Глава 6
О Феаноре и освобождении Мелькора
Теперь Три Народа Эльдаров собрались, наконец, в Валиноре, а
Мелькор был скован. Наступил полдень Благословенного Края во всей полноте его
величия и блаженства, долгий в Повести Лет, но слишком краткий в воспоминаниях.
В те дни эльдары достигли полного расцвета тела и духа, и нолдоры преуспевали
во всех ремеслах и знаниях; и долгие годы были заполнены их радостным трудом.
Именно тогда впервые задумались они о письменах, и вскоре Румиль из Тириона
изобрел знаки, годные для запечатления речей и песен — одни для изображения на
камне или металле, другие — для письма пером или кистью.
В это время в Эльдамаре, в доме короля Тириона на вершине
Туны, родился старший и самый любимый сын Финвэ. Нарекли его Куруфинвэ, но мать
назвала его Феанор — Пламенный Дух; и под этим именем вошел он в сказания
нолдоров.
Имя его матери было Мириэль, прозванная Сериндэ, ибо никто
из нолдоров не умел ткать и шить чудесней ее; руки ее были искусны в самой
изящной и мелкой работе. Великой и радостной была любовь Мириэль и Финвэ, ибо
зародилась в Благословенном Краю и в Благие Дни. Но рождение сына истощило тело
и дух Мириэли; и после его рождения она возжаждала освобождения от бремени
жизни. И, дав имя сыну, сказала Финвэ: "Никогда более мне не понести дитя,
ибо силы, что должны были дать жизнь многим, вошли в Феанора". Тогда Финвэ
опечалился, ибо нолдоры были еще юны, и он хотел породить много детей в
блаженстве Амана; и сказал он: "Неужели нет исцеления в Амане? Здесь любой
усталый найдет отдохновение". Но Мириэль чахла день ото дня, и Финвэ испросил
совета у Манвэ, и Манвэ поручил ее заботам Ирмо в Лориэне. Расставаясь с ней
(ненадолго, как он надеялся), Финвэ печалился, ибо несчастьем казалось ему, что
мать должна уйти и не увидит детства своего сына.

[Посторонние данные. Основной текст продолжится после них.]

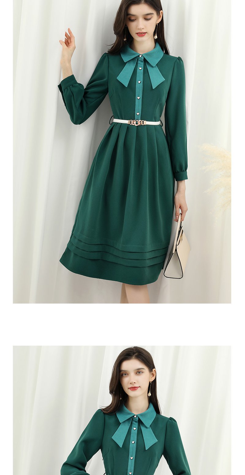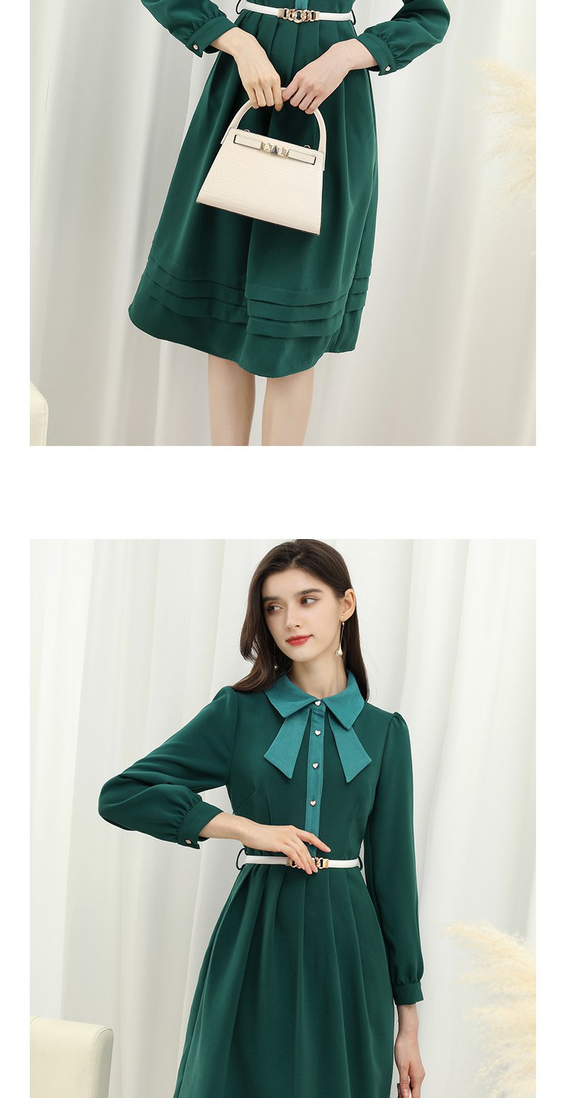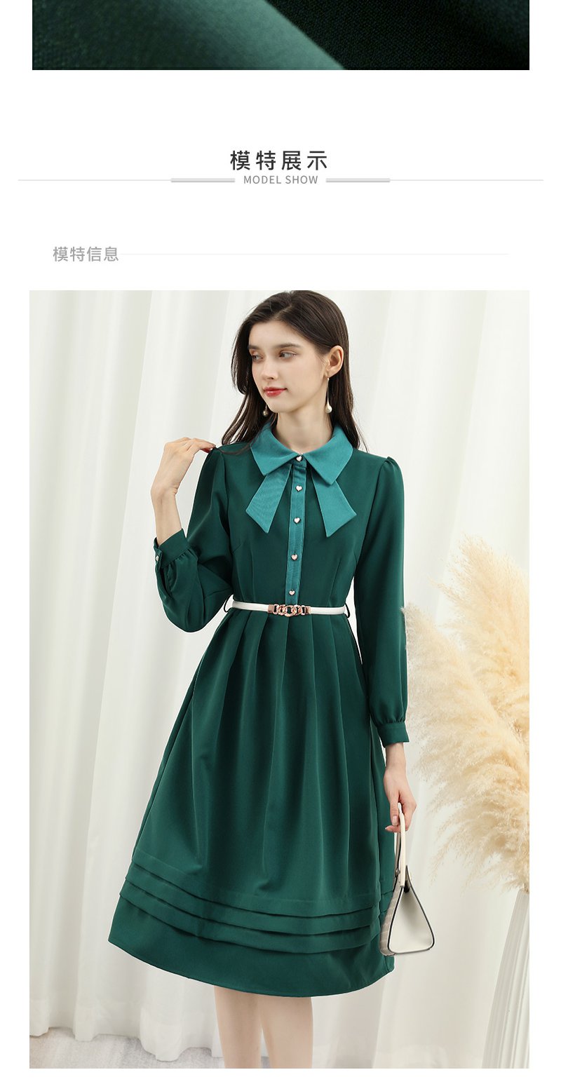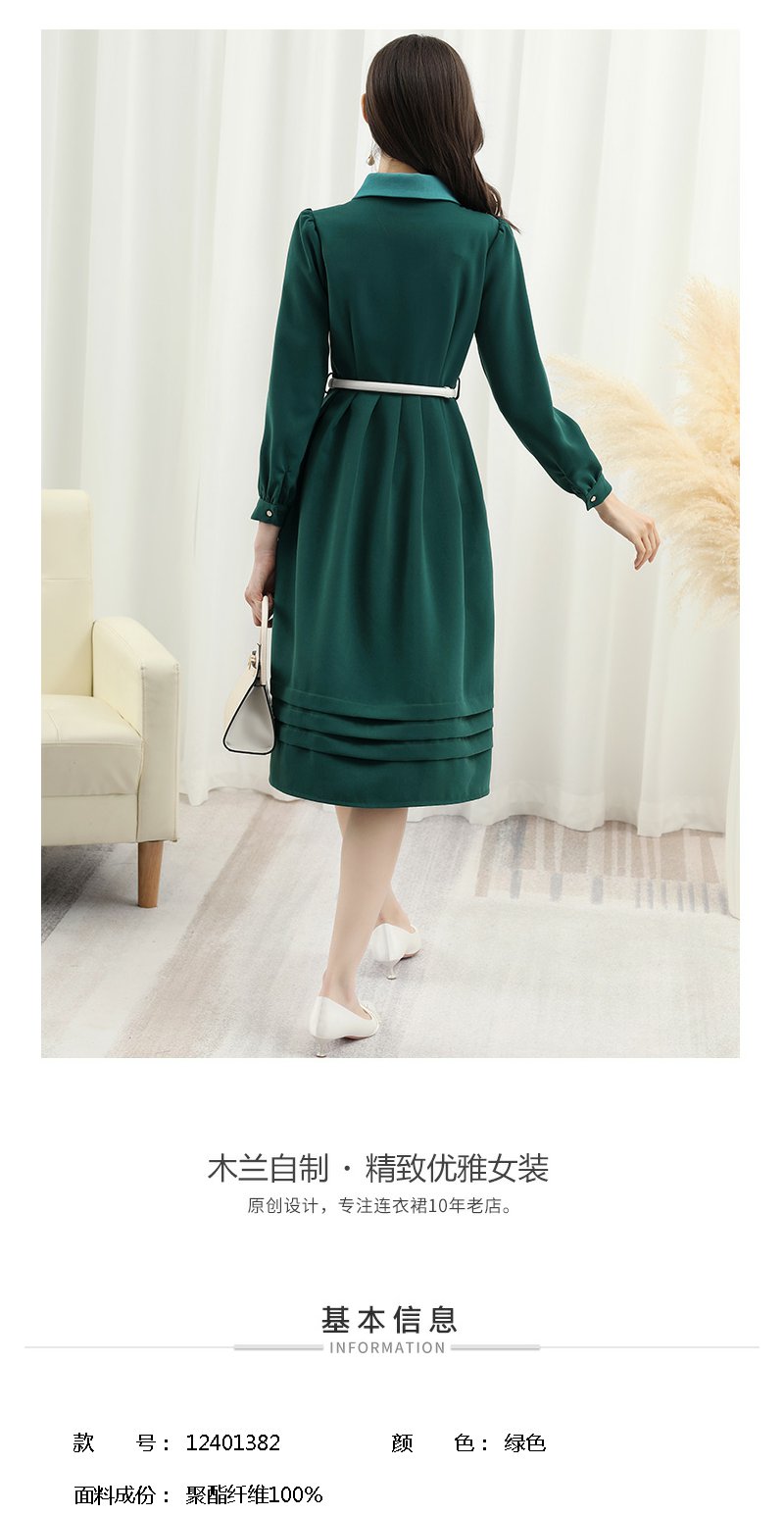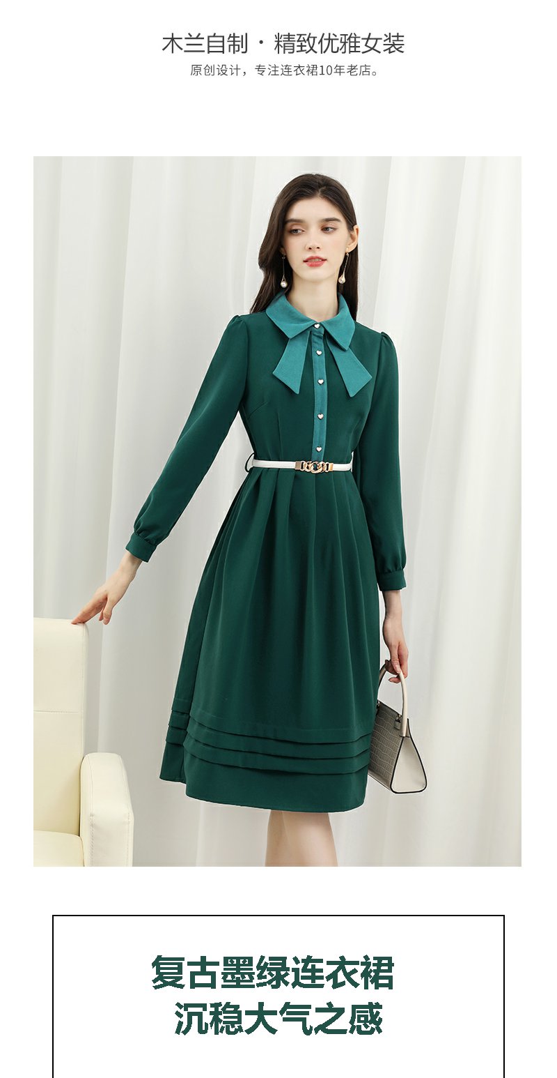 未风绿色娃娃领连衣裙女秋冬2025年春季新款女装显瘦打底内搭裙子

— Это воистину несчастье, — молвила Мириэль, —
и я плакала бы, не будь я столь истомлена. Но не вини меня в том, — как и
во всем, что может случиться после.
Потом она ушла в сады Лориэна и легла там на сон; и, хотя
казалась спящей, дух ее покинул тело и в безмолвии отошел в чертоги Мандоса.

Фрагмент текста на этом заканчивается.